# Data Formats and Persistence

## Pickle

In [None]:
import pickle

car = {"brand": "Ford", "model": "Mustang", "year": 1965}

with open("data.pckl", "wb") as f:
    pickle.dump(car, f)
print("[1] Dumped car to file:", car_loaded)

with open("data.pckl", "rb") as f:
    car_loaded = pickle.load(f)
print("[1] Loaded car from file:", car_loaded, '\n')

data_bytes = pickle.dumps(car)
print("[2] Type after dumps:", type(data_bytes).__name__)

car_from_memory = pickle.loads(data_bytes)
print("[2] Restored from memory:", car_from_memory, '\n')

class Employee:
    def __init__(self, name, position, salary):
        self.name = name
        self.position = position
        self.salary = salary

    def promote(self, new_position, raise_amount):
        self.position = new_position
        self.salary += raise_amount

    def __repr__(self):
        return f"Employee({self.name}, {self.position}, {self.salary})"


team = [
    Employee("Alice", "Developer", 70000),
    Employee("Bob", "Designer", 65000),
    Employee("Charlie", "Manager", 85000),
]

bundle = {"team": team, "department": "R&D", "year": 2025}

with open("employees.pkl", "wb") as f:
    pickle.dump(bundle, f)

with open("employees.pkl", "rb") as f:
    bundle_loaded = pickle.load(f)

print("[3] Loaded bundle keys:", list(bundle_loaded.keys()))
print("[3] Type of first employee:", type(bundle_loaded["team"][0]).__name__)
print("[3] Example restored object:", bundle_loaded["team"][0])

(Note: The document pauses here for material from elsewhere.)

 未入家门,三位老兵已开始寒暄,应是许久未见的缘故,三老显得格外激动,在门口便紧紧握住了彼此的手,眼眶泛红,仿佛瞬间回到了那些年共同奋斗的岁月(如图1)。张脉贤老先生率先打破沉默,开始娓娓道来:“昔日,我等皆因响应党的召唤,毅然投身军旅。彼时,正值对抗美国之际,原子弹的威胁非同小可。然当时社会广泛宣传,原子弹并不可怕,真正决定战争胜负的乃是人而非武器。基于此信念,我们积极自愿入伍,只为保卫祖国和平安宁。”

[1] Dumped car to file: {'brand': 'Ford', 'model': 'Mustang', 'year': 1965}
[1] Loaded car from file: {'brand': 'Ford', 'model': 'Mustang', 'year': 1965} 

[2] Type after dumps: <class 'bytes'>
[2] Restored from memory: {'brand': 'Ford', 'model': 'Mustang', 'year': 1965} 

[3] Loaded bundle keys: ['team', 'department', 'year']
[3] Type of first employee: Employee
[3] Example restored object: Employee(Alice, Developer, 70000)


## Shelve

In [14]:
import shelve

class Employee:
    def __init__(self, name: str, role: str, salary: int):
        self.name = name
        self.role = role
        self.salary = salary

    def promote(self, new_role: str, raise_amount: int):
        self.role = new_role
        self.salary += raise_amount

    def __repr__(self):
        return f"Employee({self.name!r}, {self.role!r}, {self.salary!r})"

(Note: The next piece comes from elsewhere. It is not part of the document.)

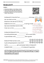 Arbeitsblatt mit QR-Code Grundschule zum Thema "Blindenschrift (einfache Sprache)"

def create_shelf(path: str = "company"):
    with shelve.open(path, flag="n") as db:
        db["name"] = "Apple"
        db["country"] = "USA"
        db["currency"] = ["USD", "$"]
        db["meta"] = {"founded": 1976, "public": True}

        db["employees"] = [
            Employee("Alice", "Developer", 70000),
            Employee("Bob", "Designer", 65000),
            Employee("Charlie", "Manager", 85000),
        ]

        print("[CREATE] Wrote initial entries:", list(db.keys()), '\n')

def inspect_shelf(path: str = "company"):
    with shelve.open(path, flag='c') as db:
        print("[INSPECT] keys ->", list(db.keys()))
        print("[INSPECT] name ->", db["name"])
        print("[INSPECT] currency ->", db["currency"])
        print("[INSPECT] country exists? ->", "country" in db)
        print("[INSPECT] get('missing', 'N/A') ->", db.get("missing", "N/A"))
        print("[INSPECT] meta ->", db["meta"])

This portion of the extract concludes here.